# Instructions for the task
Where in the listing does the word "inspired" appear? Report each line that holds it.

# Data extract
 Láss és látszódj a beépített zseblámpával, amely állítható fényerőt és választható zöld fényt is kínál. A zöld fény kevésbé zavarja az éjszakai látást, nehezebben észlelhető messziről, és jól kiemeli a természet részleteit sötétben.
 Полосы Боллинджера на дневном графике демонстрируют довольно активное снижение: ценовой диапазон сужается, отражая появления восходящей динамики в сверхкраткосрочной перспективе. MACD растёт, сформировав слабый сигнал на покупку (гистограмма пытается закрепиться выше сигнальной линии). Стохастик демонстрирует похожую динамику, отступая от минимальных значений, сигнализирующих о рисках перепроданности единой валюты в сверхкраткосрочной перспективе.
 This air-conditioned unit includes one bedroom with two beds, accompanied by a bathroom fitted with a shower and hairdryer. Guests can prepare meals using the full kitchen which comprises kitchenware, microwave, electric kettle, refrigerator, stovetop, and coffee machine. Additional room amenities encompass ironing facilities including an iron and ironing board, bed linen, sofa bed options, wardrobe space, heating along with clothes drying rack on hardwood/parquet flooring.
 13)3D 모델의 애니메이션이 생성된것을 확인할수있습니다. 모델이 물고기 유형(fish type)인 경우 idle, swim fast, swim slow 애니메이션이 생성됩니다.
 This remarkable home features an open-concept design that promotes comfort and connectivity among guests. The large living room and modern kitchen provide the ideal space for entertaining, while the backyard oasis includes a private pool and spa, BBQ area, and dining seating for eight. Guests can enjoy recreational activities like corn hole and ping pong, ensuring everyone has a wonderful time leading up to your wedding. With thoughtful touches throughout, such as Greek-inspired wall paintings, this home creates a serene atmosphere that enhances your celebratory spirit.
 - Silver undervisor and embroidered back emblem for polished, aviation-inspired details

--

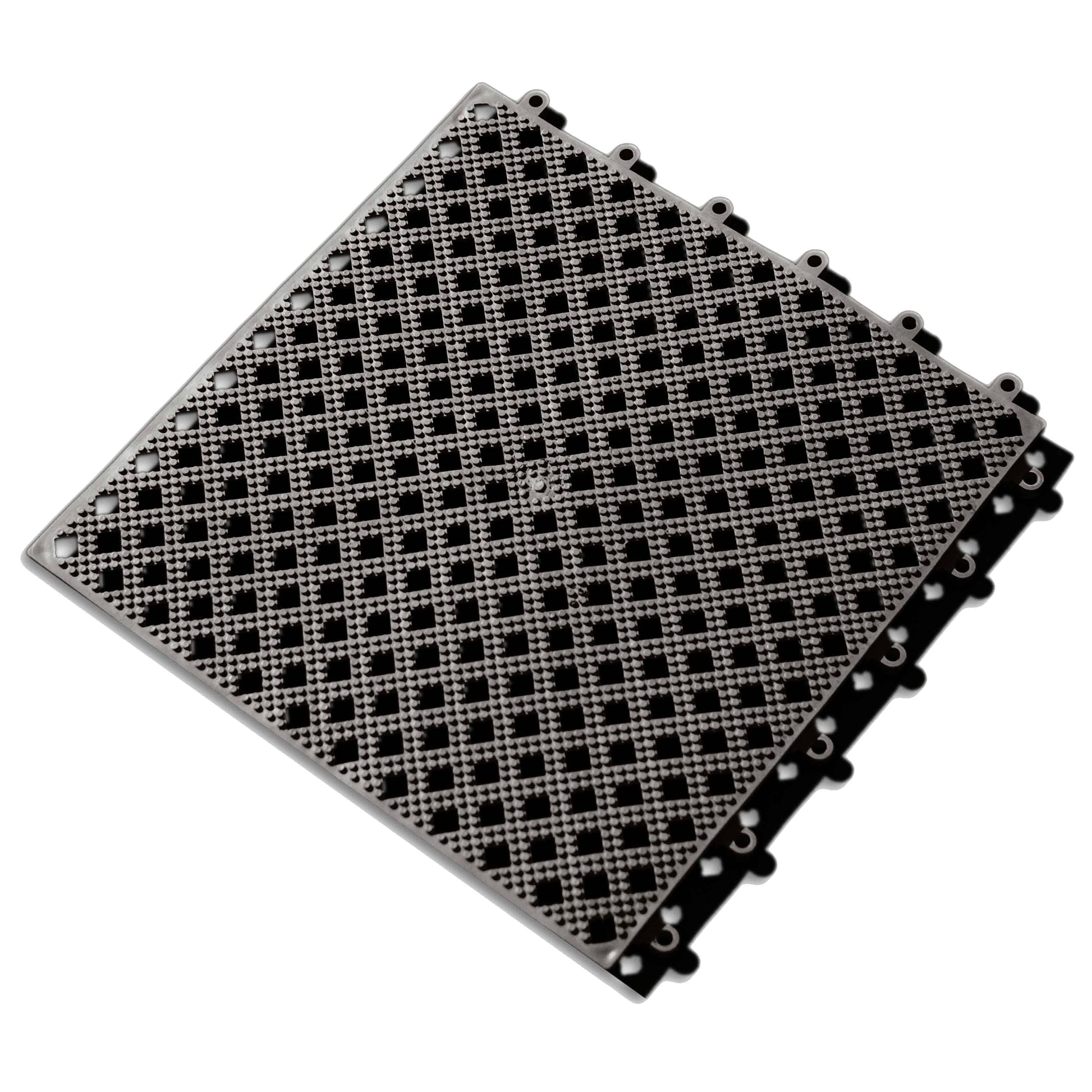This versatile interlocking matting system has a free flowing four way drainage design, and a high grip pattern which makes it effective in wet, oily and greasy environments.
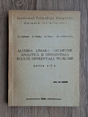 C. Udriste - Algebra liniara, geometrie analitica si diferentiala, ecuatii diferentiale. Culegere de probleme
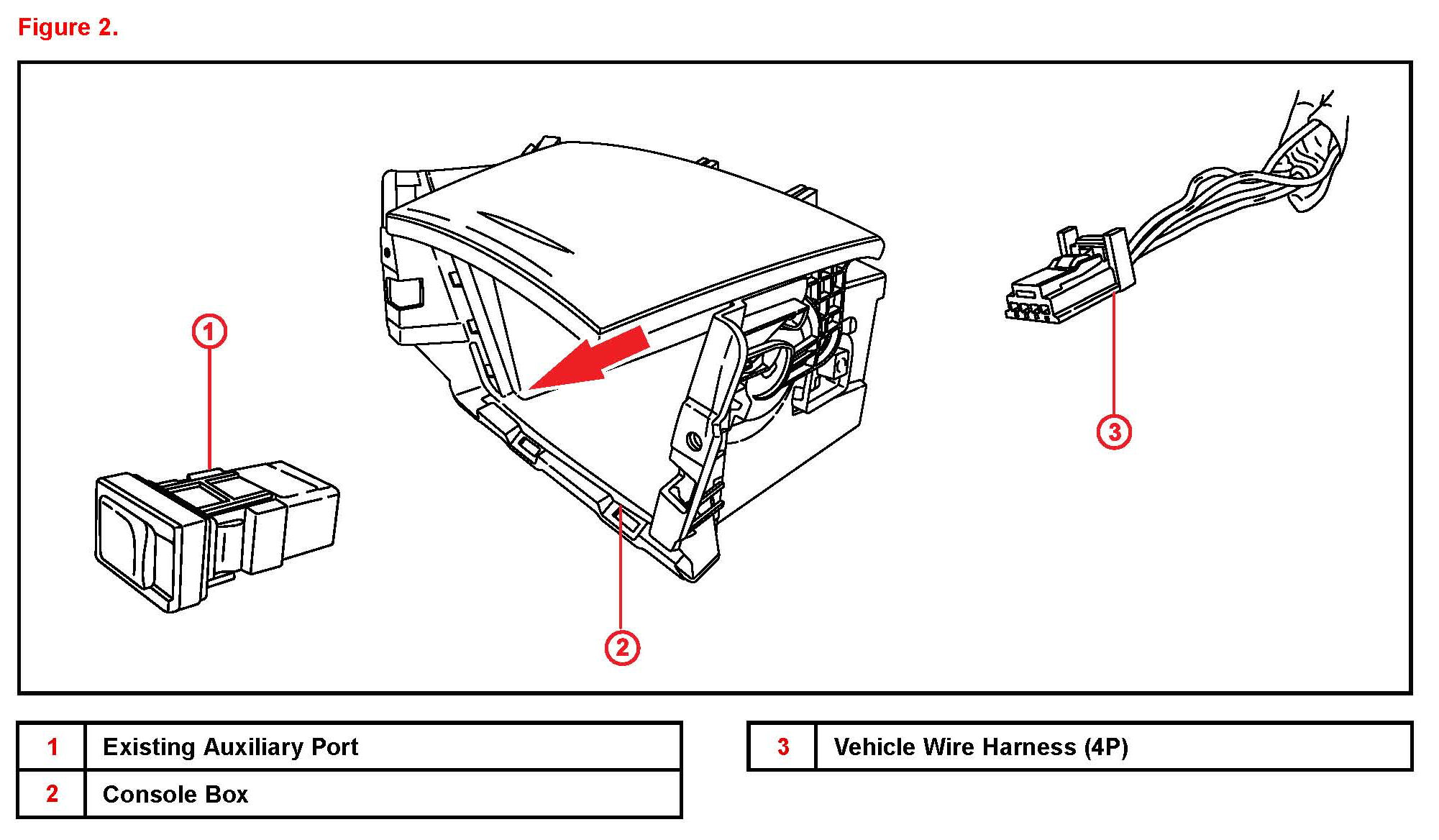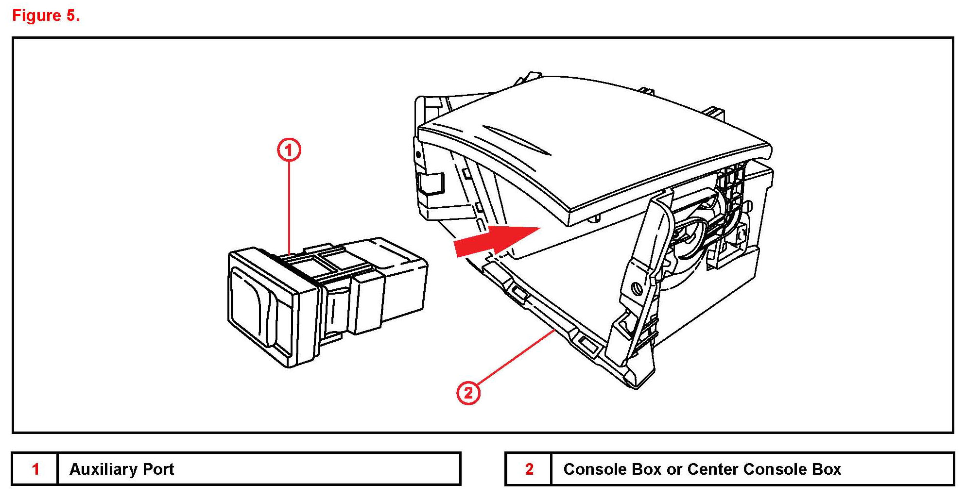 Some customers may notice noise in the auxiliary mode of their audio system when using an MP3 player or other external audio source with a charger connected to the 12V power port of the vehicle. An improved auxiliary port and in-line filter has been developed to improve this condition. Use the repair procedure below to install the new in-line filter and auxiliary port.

# Response to this exercise
 This remarkable home features an open-concept design that promotes comfort and connectivity among guests. The large living room and modern kitchen provide the ideal space for entertaining, while the backyard oasis includes a private pool and spa, BBQ area, and dining seating for eight. Guests can enjoy recreational activities like corn hole and ping pong, ensuring everyone has a wonderful time leading up to your wedding. With thoughtful touches throughout, such as Greek-inspired wall paintings, this home creates a serene atmosphere that enhances your celebratory spirit.
 - Silver undervisor and embroidered back emblem for polished, aviation-inspired details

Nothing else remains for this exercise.